The latest testimony at the Nóos corruption trial in Palma has reinforced prosecutors’ suspicions that Iñaki Urdangarin, the brother-in-law of King Felipe VI of Spain, received €2.6 million in contracts from the Balearic government between 2003 and 2007 because of who he was.
With the first defendants having taken the stand, several former high-placed officials in the Balearics have confirmed that the regional government arbitrarily awarded contracts to the Nóos Institute just because Urdangarin was behind it.
José Luis Ballester, the former director of sports for the Balearics who was also a personal friend of King Felipe when the latter was still the crown prince as well as a friend of Urdangarin, said there were direct orders from ex-president Jaume Matas to favour Urdangarin’s foundation over any other interested parties.
Matas, it has been said, has struck a deal with the prosecution to confess to most charges in return for a reduced sentence and the return of money. Accordingly, during questioning yesterday he appeared much more co-operative than in previous hearings involving parallel criminal investigations into his management of regional finances during his second term in office (2003-2007). Prosecutors believe that Matas helped award Nóos a €300,000 fee for mediating during negotiations over the sponsorship of the Banesto cycling team, once considered the best in the world.
Matas told the court that the princess’s husband was "the go-between, the intermediary, the facilitator" of the agreement with the Banesto team, which in 2004 fell under the sponsorship of the Balearic government. Matas also said that Ballester told him that "Urdangarin wanted to charge a one per cent fee" and that this was normal.
"I accept my responsibility because I gave the order to take on that project, and I assume my guilt because Balearic taxpayers’ money was not spent on what it should have been spent on," said Matas.
He admitted that he had hired Ballester as director of sports because of his personal connections with the Royal Family and added that he agreed to pay €1.2 million to the Nóos Institute to organise the Balearic Islands' sports forum because the government of Valencia had done something similar a year earlier and had paid a similar amount. Urdangarin is also being investigated for his business dealings in the Valencia region.
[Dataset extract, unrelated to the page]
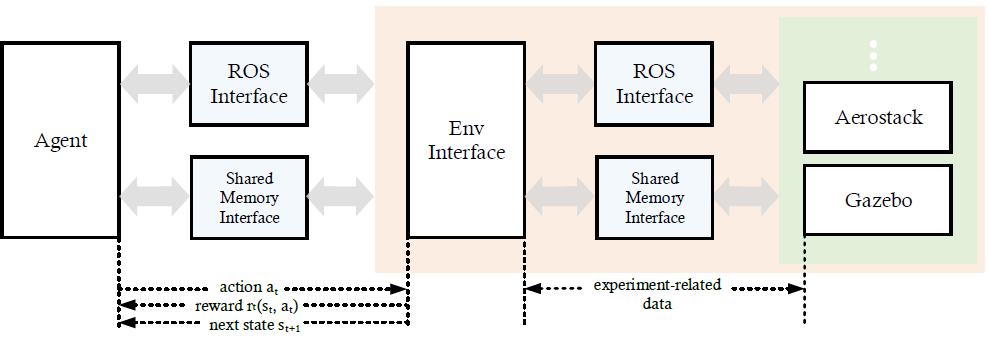 환경 인터페이스(Env Interface)는 에이전트와 시뮬레이션(Aerostack, Gazebo)와 상호작용할 수 있도록 위치하고 에이전트의 행동 \(a_t\)에 대해 시뮬레이션에서 나온 결과값인 보상 \(r_t\)를 전달받습니다. 이 과정에서 ROS 인터페이스를 통해 에이전트와 시뮬레이션이 통신을 수행하며, Gazebo 시뮬레이션이 일시적으로 중단되었을 때, 공유 메모리 인터페이스를 통하여 지속적으로 학습을 할 수 있도록 설계되어 있습니다.

"To me it was unthinkable that Valencia might have paid that amount for something that was not worth it," said Matas, adding that Urdangarin ran a non-profit organisation that could only legally charge enough to cover expenditures.
The testimony is bad news for Urdangarin, a former Olympic handball medallist, who potentially faces nineteen years' imprisonment if found guilty of embezzlement, document forgery and money laundering.
Away from the court, Juan Pedro Yllanes, the judge who had originally been due to have been the court's president during the trial before he opted to stand for national parliament on behalf of Podemos (he is now a member of parliament), said yesterday that Matas was only saying things for form's sake. He was also "subtly" trying to distance himself from the contracts at the heart of the investigation and now trial.
Yllanes noted that Matas had limited himself to accepting responsibility for the political move to give Nóos a contract but that he said that he knew nothing about the actual contracts and had not spoken to Nóos representatives (Urdangarin or Diego Torres).
Regarding Matas's intention to repair the damage that had been caused, Yllanes wondered how he was going to do this. An offer to hand over half of his "palacete" in Palma would not seem to be a very effective form of restitution.
Yllanes added that the whole Nóos affair was indicative of how the awarding of public contracts worked in Spain. It was, he said, highly symbolic that the start of the process was with a game of paddle tennis at the Marivent Palace, which is not a "private chalet" for any family but "a residence that all we Spaniards pay for so that the head of state can have his holidays". "It doesn't seem like it is the most suitable place for private negotiations."